2. Strange communicator. I thought that it is a kind of iPhone with keyboard, but I’m rather disappointed. The interface is complex, there is no Internet connection, the camera is bad, there are some applications you can install, but I’ve found only Canola and Skype designed professional enough. I’m going to sell it on ebay and replace it by iPhone as soon as I can run Skype on it.
3. This was a birthday present from my dad. I do not really know what to do with it. I’ve tried to use it as navigator, but I can’t find any streets in it. I’ve tried to use it as a music player, but it does not support bluetooth headphones, and it is too big to run with it. It is not as convinient as ebook reader either, the battery dies during couple of hours of flight, when my sister with her Sony Reader uses it entire week without single charge. The only use for it was our family vacation, when I could connect to the hotel’s WiFi and check my email, and do a bit of browsing. In fact, I could listen some music and play game at the same time. Maybe it is not as useless, as I thought.

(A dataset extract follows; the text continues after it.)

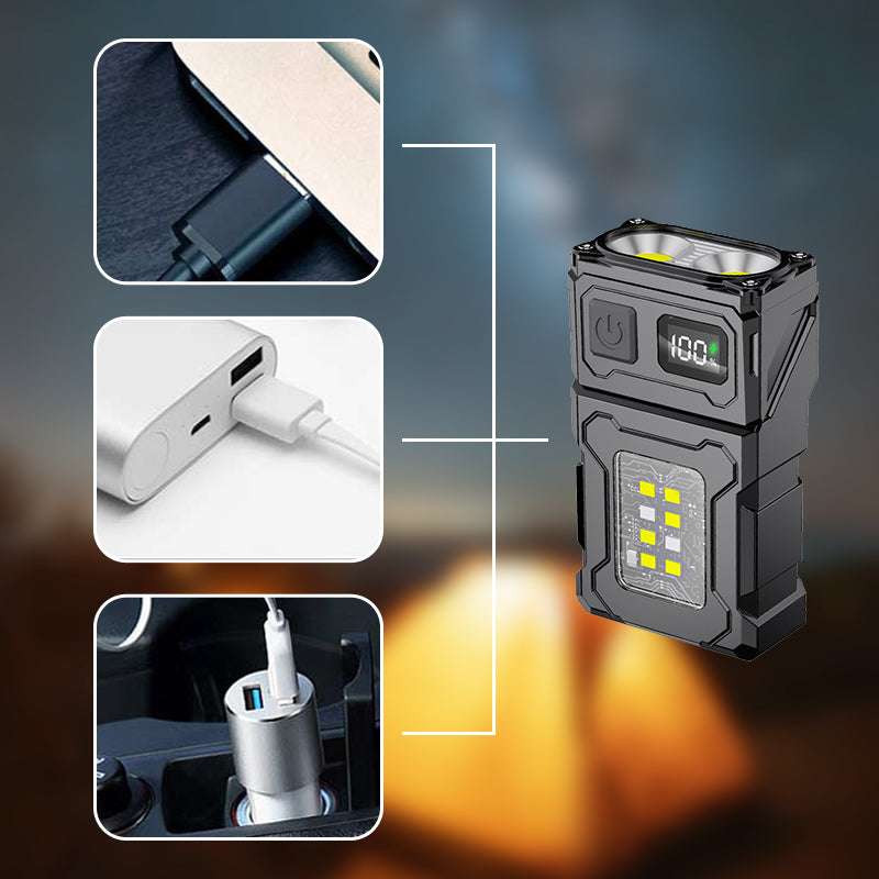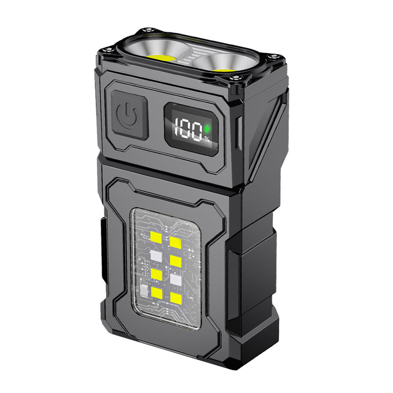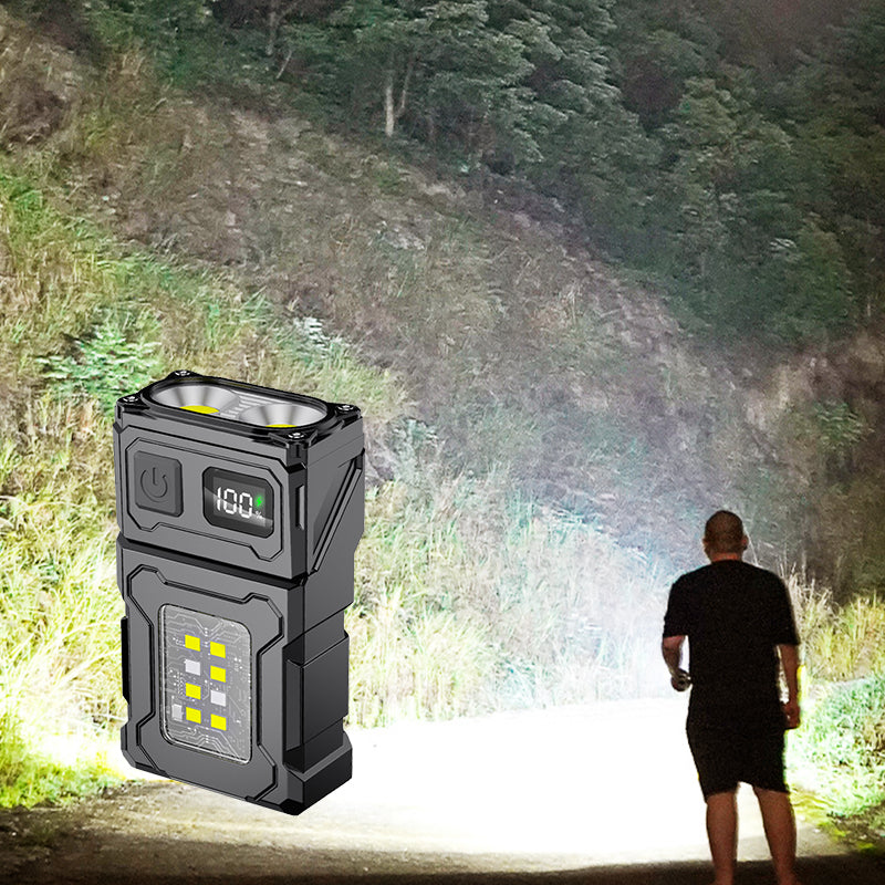 HIGH-CAPACITY RECHARGEABLE BATTERY: Built with a high-capacity polymer rechargeable battery, this flashlight offers impressive battery life. It charges quickly, allowing you to stay powered up and ready for use, with a digital display to show remaining power.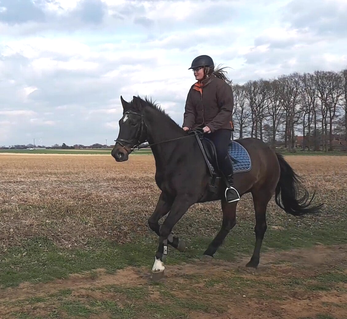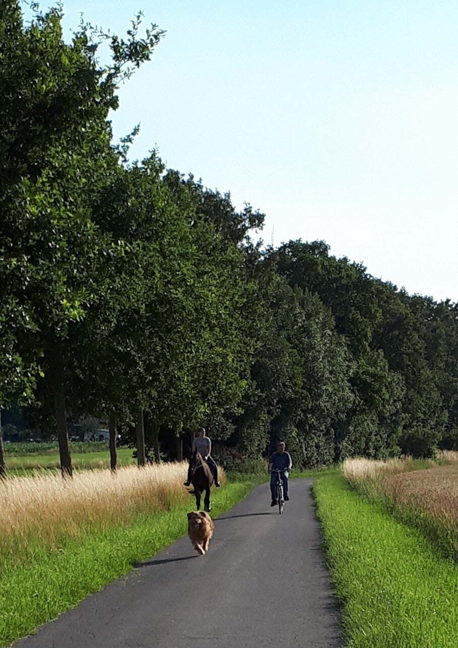 Doch nicht nur unsere Hunde haben unser Leben bereichert: 29 Jahre lang war auch unsere Westfalenstute Ulana ein wichtiger Teil unserer Familie. Als Fohlen gekauft, von uns großgezogen und ausgebildet, hat Ulana nicht nur unsere Familie begleitet, sondern verschiedenste Rollen gefüllt: als Schmusetier, Voltipferd, Kleinkindreitpferd, Therapiepferd, Turnierpferd und zuverlässige Partnerin für Ausritte durch das schöne Münsterland. Besonders Joda begleitete Tina und später auch Lea oft am Pferd. Als Darcy zu uns kam, war Ulana bereits Rentnerin, doch sie genoss noch gemütliche Spaziergänge, bei denen Darcy gerne dabei war.

So my point is that if we consider any special use, we are in bad shape. The only one feature wins - universality, which depends directly from ability to install and run a lot of different applications on one device. In this case the main interface should be a compromise between interests, and it would be better to just create different UI for every group, but it is too expensive. I, probably, consider current Hildon as good compromise, except that obvious bugs should be fixed.
Sorry for the English. I know it is bad.